> [What is required]:
Using the records below, repeat exactly the lines from the one holding "3D羊毛毡毛绒绒自然户外卡通场景背景" through the one holding "Materiali di qualità", both ends included, and no others.

> [Data]:
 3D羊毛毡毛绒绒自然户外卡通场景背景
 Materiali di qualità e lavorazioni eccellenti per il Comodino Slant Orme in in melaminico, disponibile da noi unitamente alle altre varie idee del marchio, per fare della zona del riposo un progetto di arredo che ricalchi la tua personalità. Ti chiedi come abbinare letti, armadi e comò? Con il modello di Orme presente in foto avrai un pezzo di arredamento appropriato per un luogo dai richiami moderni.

==

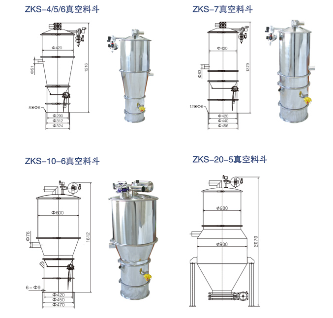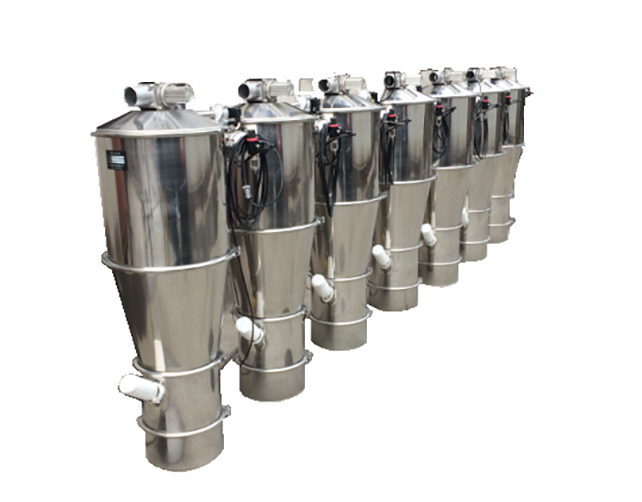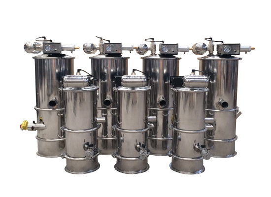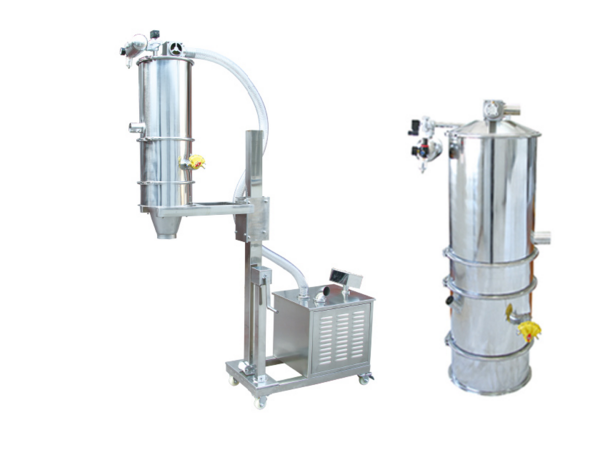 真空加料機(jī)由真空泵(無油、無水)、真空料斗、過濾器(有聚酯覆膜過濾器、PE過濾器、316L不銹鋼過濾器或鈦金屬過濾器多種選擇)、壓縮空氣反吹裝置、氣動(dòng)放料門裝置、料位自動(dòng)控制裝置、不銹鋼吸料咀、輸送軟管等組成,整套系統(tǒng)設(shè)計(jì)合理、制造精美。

==

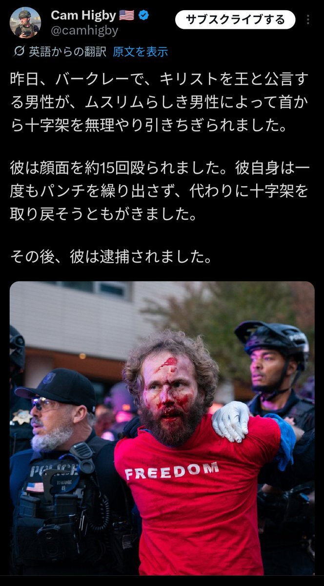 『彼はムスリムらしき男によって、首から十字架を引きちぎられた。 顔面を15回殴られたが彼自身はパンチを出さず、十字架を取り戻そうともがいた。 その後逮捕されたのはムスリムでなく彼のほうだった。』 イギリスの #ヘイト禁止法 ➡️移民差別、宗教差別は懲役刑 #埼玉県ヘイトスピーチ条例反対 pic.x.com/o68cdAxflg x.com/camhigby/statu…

> [Exercise output]:
 3D羊毛毡毛绒绒自然户外卡通场景背景
 Materiali di qualità e lavorazioni eccellenti per il Comodino Slant Orme in in melaminico, disponibile da noi unitamente alle altre varie idee del marchio, per fare della zona del riposo un progetto di arredo che ricalchi la tua personalità. Ti chiedi come abbinare letti, armadi e comò? Con il modello di Orme presente in foto avrai un pezzo di arredamento appropriato per un luogo dai richiami moderni.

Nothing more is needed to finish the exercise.